First, seek out some training in the proper use of a weapon-mounted light. This is important in learning how to use it to illuminate your surroundings while moving with the gun in either a high or low muzzle-aversion carry position, using the “spill” from the beam as well as the “bounce,” or reflected light, off the ceiling or walls to light a room. (Hollywood tends to have everyone running around with WMLs held horizontally at eye-level, in a “what-not-to-do” fashion.)

The second is that a weapon-mounted light supplements a hand-held flashlight; it doesn’t replace it. It has been more than 20 years since I felt the need to draw a CCW handgun, but I use my flashlight multiple times every day. You can’t just yank your Glock out every time you need to look for your keys under the sofa.

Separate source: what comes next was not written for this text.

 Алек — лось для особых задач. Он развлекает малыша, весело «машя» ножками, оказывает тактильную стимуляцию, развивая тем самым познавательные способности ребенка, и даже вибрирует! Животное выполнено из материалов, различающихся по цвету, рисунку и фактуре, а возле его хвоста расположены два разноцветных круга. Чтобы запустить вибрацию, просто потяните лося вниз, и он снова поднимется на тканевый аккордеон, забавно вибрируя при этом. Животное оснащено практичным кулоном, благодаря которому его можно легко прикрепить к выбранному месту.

Now, if you’re one of those people who keeps a separate handgun for home-defense purposes, life is simple. Put a flashlight on the house gun and continue to carry a non-WML pistol for everyday CCW.

If you’re a believer in using the same pistol for defense no matter where you are, however, I’m a fan of leaving the light on it all the time. Sure you could, every night, draw your CCW pistol, safely clear it, mount and properly tighten the light, reload it, place it in its overnight storage location, and then do everything again in reverse in the morning before holstering up to start your day, but that’s an awful lot of unnecessary administrative gun-handling. And unnecessary administrative gun-handling is when the Negligent Discharge Fairy makes her unwelcome appearances, so I’m in favor of minimizing it.

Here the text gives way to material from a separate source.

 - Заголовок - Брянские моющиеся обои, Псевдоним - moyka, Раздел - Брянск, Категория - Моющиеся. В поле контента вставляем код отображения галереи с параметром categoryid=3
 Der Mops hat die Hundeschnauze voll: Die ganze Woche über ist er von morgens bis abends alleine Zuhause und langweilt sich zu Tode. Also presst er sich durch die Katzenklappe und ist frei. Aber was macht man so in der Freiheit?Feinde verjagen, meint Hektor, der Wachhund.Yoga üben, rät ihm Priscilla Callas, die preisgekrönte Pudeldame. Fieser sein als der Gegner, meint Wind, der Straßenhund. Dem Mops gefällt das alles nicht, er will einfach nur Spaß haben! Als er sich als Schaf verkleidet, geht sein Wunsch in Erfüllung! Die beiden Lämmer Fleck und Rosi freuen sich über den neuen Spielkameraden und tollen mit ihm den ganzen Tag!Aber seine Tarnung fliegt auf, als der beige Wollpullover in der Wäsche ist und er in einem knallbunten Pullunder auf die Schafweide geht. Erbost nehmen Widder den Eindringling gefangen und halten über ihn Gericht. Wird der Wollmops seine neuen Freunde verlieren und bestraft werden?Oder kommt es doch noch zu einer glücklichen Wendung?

This means finding a way to keep the light on the gun at all times. Fortunately, this is becoming easier to do every year.

It wasn’t that long ago that the only holsters designed to accommodate pistols with mounted lights were bulky, duty-style holsters like the ones from Safariland. Probably the first common concealable holster for pistols with WMLs was the Phantom, a now-discontinued model from Raven Concealment Systems. A kydex holster originally intended to be worn outside the waistband as a pancake-style rig, its body-hugging contour and thinness allowed it to be adapted to inside-the-waistband use via soft loops, and I’ve carried a Glock G34 with a mounted SureFire X300U in exactly that fashion.

There are a ton more choices on the market now, though. Raven Concealment, for example, has replaced the old kydex Phantom with the Perun, and they offer a variant for light-bearing guns, as long as the light-bearing gun is a Glock and the light it bears is either a SureFire X300 or a Streamlight TLR-1HL. I used one of these in a low-light shoothouse class recently with a Glock G19X/X300U combo and was impressed by the easily adjustable retention, ease of holstering, and amount of protection given the trigger guard area.

Inside-the-waistband offerings, once limited to special orders from custom kydex benders, are now almost too numerous to list. In the past, I’ve used the AIWB Light-Bearing Holster from Henry Holsters as well as the Spotlight from PHLster, and the Gotham holster from Bawidamann, which was interesting in that it indexed on the light, and therefore worked with a few different pistol models, as long as they had an X300 light mounted on them.

Most recently (as in its official release will happen after I write this but before it goes to print), PHLster takes the omnivorous light-bearing holster a step further with the Floodlight. This new holster indexes on the light, like the Bawidamann Gotham, but uses an ingenious shock cord adjustment to control the width of the holster body. I’ve successfully used it with pistols as diverse in size and shape as a Heckler & Koch P30L, a Glock G20 and G19, and a Beretta 92 Elite, and they all worked fine. Further, the holster body can be optimized for vertical/appendix or canted/strong-side. With an MSRP of $115, that’s a pretty versatile holster.

With concealable options like these on the market, there’s no longer a need to step away from the light when you leave home.